Lot 13
  • 13

Bidjogo Power Figure, Bissagos Islands, Guinea-Bissau

Estimate
40,000 - 60,000 USD
Log in to view results
bidding is closed

Description

  • wood
  • Height: 15 1/2 in (39.4 cm)

Provenance

Presumably collected in situ by Vittorio Mangiò
Vittorio and Marina Mangiò, Monza
Fredric Mueller (1935-1990), New York
Christie's, New York, Property from the Estate of Fredric Mueller, June 5, 1990, lot 116
John Giltsoff, London, acquired at the above auction
Allan Stone, New York, acquired from the above

Exhibited

S2 Gallery, Sotheby's New York, Hunters and Gatherers: The Art of Assemblage, November 18 - December 16, 2011

Literature

Lisa Dennison and Adam Gopnick (eds.), Hunters and Gatherers: The Art of Assemblage, New York, 2011, p. 112-113

Catalogue Note

The Bidjogo constitute a relatively small people living on the Bissagos islands of present-day Guinea Bissau, numbering less than 10,000 in pre-colonial times. The present lot belongs to an extremely small corpus of bottle-shaped Bidjogo power figures representing either the Supreme Being Orrebuco-Ocoto or another divinity of the name Eraminde who is best understood as one spirit in multiple manifestations which are all tied to divination and magic. See Helmholtz (1972: 52-57) for further discussion.

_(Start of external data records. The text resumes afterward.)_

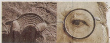
BE EQUAL MADE, ink jet video stills on acrylic, text on card, 11.5" x 30", 2007
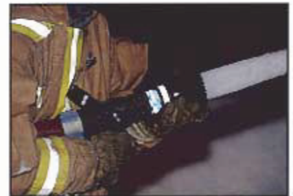
Lightweight and Compact

NFPA #1964 (1998 Edition) 2-1.5 Constant pressure (automatic) spray nozzles shall maintain their rated pressure, \pm 15 psi ( \pm 103 kPa) throughout the rated discharge range when tested in accordance with Section 4-1.
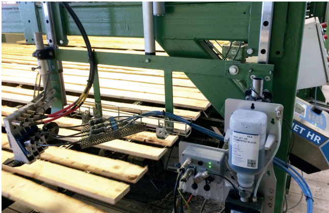
Wood marking in the run

A regulator can be connected to each hose leading from the reservoir. This ensures that the necessary pressure and ink flow to the connected bulk cartridge is available at all times. A level sensor in the reservoir ensures that the system does not run dry.
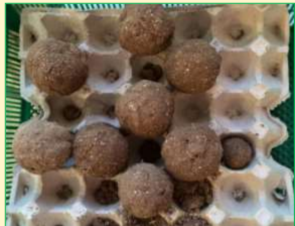
Our EM Mud Balls, ready to roll!

Only ten other figures of this exceedingly rare type are known: one in the Brooklyn Museum (inv. no. "71.176.4"); a second and a third in the Museu Nacional de Etnologia, Lisbon (formerly Museu d'Etnologia do Ultramar, inv. nos. "AK 937" and "AD 948); a fourth in the Robert T. Wall Family Collection, San Francisco; and several others published in the literature and offered at auction (Schädler 1973: 16, no. 1; Helmholtz 1972: 55; Ader-Picard-Tajan, Paris, December 18, 1990, lot 99; Sotheby's, New York, May 16, 1985, lot 109 - two figures; Zemanek-Münster, September 22, 2007, lot 179). Within this already extremely small corpus, three figures are stylistically so similar that they can be attributed to the same artist. These figures are the Brooklyn Museum figure, the Wall figure, and the present lot from the Allan Stone Collection.